[Yanel-dev] policy viewer refactoring (inside "policymanager"
resource-type)
Guillaume Déflache
guillaume.deflache at wyona.com
Tue Mar 23 15:35:08 CET 2010
Michael Wechner schrieb:
> Guillaume Déflache wrote:
>> Michael Wechner schrieb:
>>> Guillaume Déflache wrote:
>>>> Hi!
>>>>
>>>> For a project I need to implement some specific behaviour for the
>>>> policy viewer.
>>>> So as to also reuse existing Yanel code for other unchanged things
>>>> I'd need to be able to reuse parts of the existing Yanel
>>>> implementation.
>>>>
>>>>
>>>> ATM alas the policy viewer is implemented by calling the sole static
>>>> method PolicyViewer#getXHTMLView(PolicyManager pm, GroupManager gm,
>>>> String path, String contentItemId, [other view options' parameters])

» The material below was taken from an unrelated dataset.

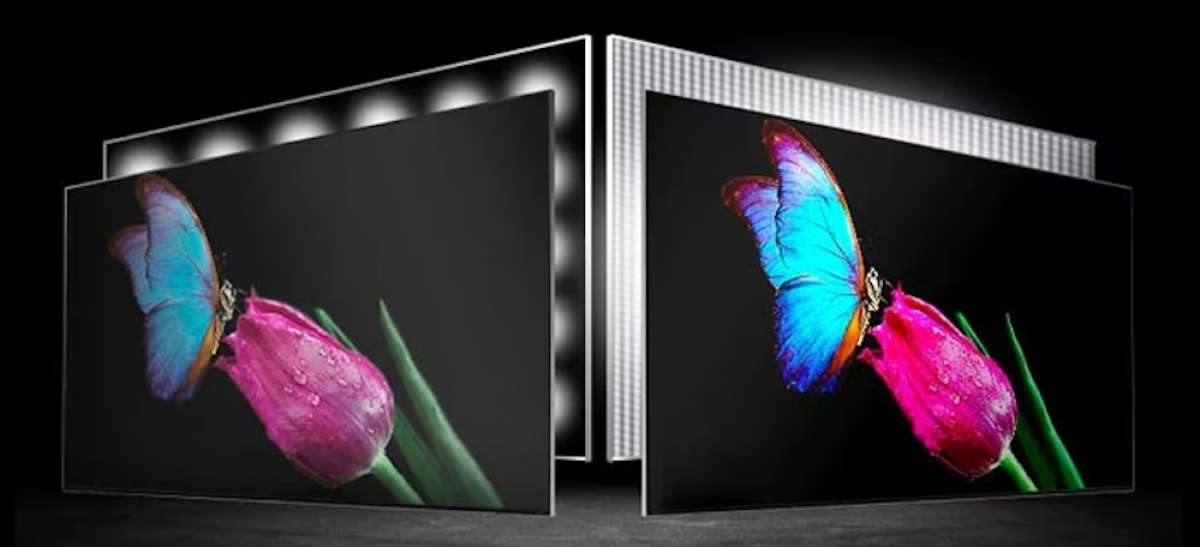 mini-LED подсветка (на фото справа) означает много маленьких светодиодов, выше контрастность, глубже черный цвет.
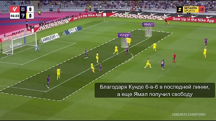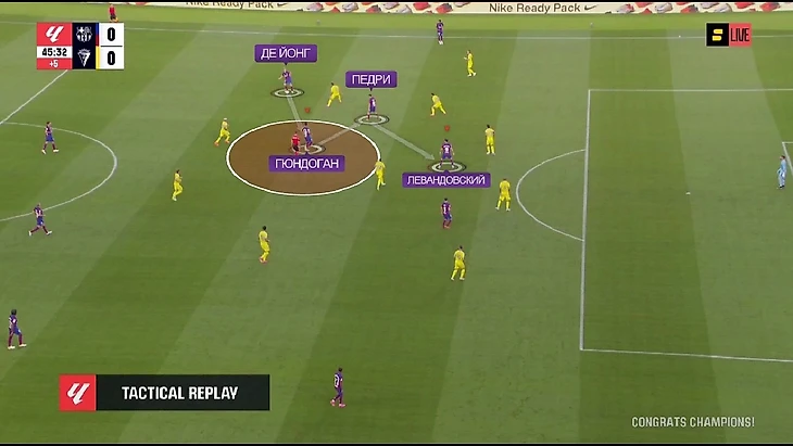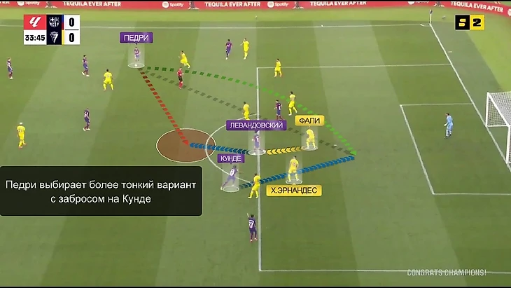 Одно из подключений Кунде почти привело к голу. Левандовский оттянулся назад под передачу Педри и увёл за собой Фали. Кунде, наоборот, вбегает в освободившуюся зону, а Хави Эрнандес словил ворон и вовремя не среагировал, из-за чего его команда чуть не пропустила:

>>>> which does not allow any kind of overriding.
>>>>
>>>>
>>>> I'd like to introduce the following method in
>>>> org.wyona.yanel.impl.resources.policymanager.PolicyManagerResource:
>>>>
>>>> protected PolicyViewer getPolicyViewer(PolicyManager pm,
>>>> GroupManager gm, [other view options' parameters]);
>>>>
>>>> with the visible API of PolicyViewer being:
>>>>
>>>> InputStream getXHTMLInputStream(String path, String
>>>> contentItemId) throws Exception
>>>>
>>>> Then I would be able to just change the used resource-type in
>>>> $MY_SPECIFIC_REALM_DIR/src/webapp/global-resource-configs/policy-manager_yanel-rc.xml
>>>> to one using my own PolicyViewer-based Java class!
>>>>
>>>> WDYT?
>>>
>>> What exactly would you like to do?
>>
>> The 1st thing I would like to do is to able to use the existing
>> PolicyManagerResource as it is now, except I'd like to replace the
>> PolicyViewer by another project-specific class, possibly reusing some
>> parts of Yanel's original PolicyViewer implementation at a later stage.
>>
>>
>>> The reason I am asking is because I think "overriding/inheritance" is
>>> not always a good thing and maybe it's better to introduce
>>> appropriate interfaces.
>>
>> I do suggest introducing an API when I write "the visible API of
>> PolicyViewer", even if in this 1st step it would not be a Java
>> interface per se.
>> But indeed we should introduce a PolicyViewerV1 Java interface at some
>> point, except for now I am not 100% sure if what I suggest is
>> sufficient even for my own needs and if I would not need a
>> finer-grained one later
>
> what is your suggestion re an API right now?
in src/core/java:
package org.wyona.yanel.core[.security].api;
interface PolicyViewerV1 {
InputStream getXHTMLInputStream(String path, String contentItemId)
throws Exception;
}
But as I tried to explain for this interface to be really usable and get
used ATM we need to change
org.wyona.yanel.impl.resources.policymanager.PolicyManagerResource as
follows:
replace the call:
PolicyViewer.getXHTMLView(getRealm().getPolicyManager(),
getRealm().getIdentityManager().getGroupManager(), getPath(),
contentItemID, [other parameters for view options like sort order])
by:
PolicyViewer pv =
policyViewerFactory.getPolicyViewer(getRealm().getPolicyManager(),
getRealm().getIdentityManager().getGroupManager(), [other parameters for
view options like sort order]);
pv..getXHTMLInputStream(getPath(), contentItemID)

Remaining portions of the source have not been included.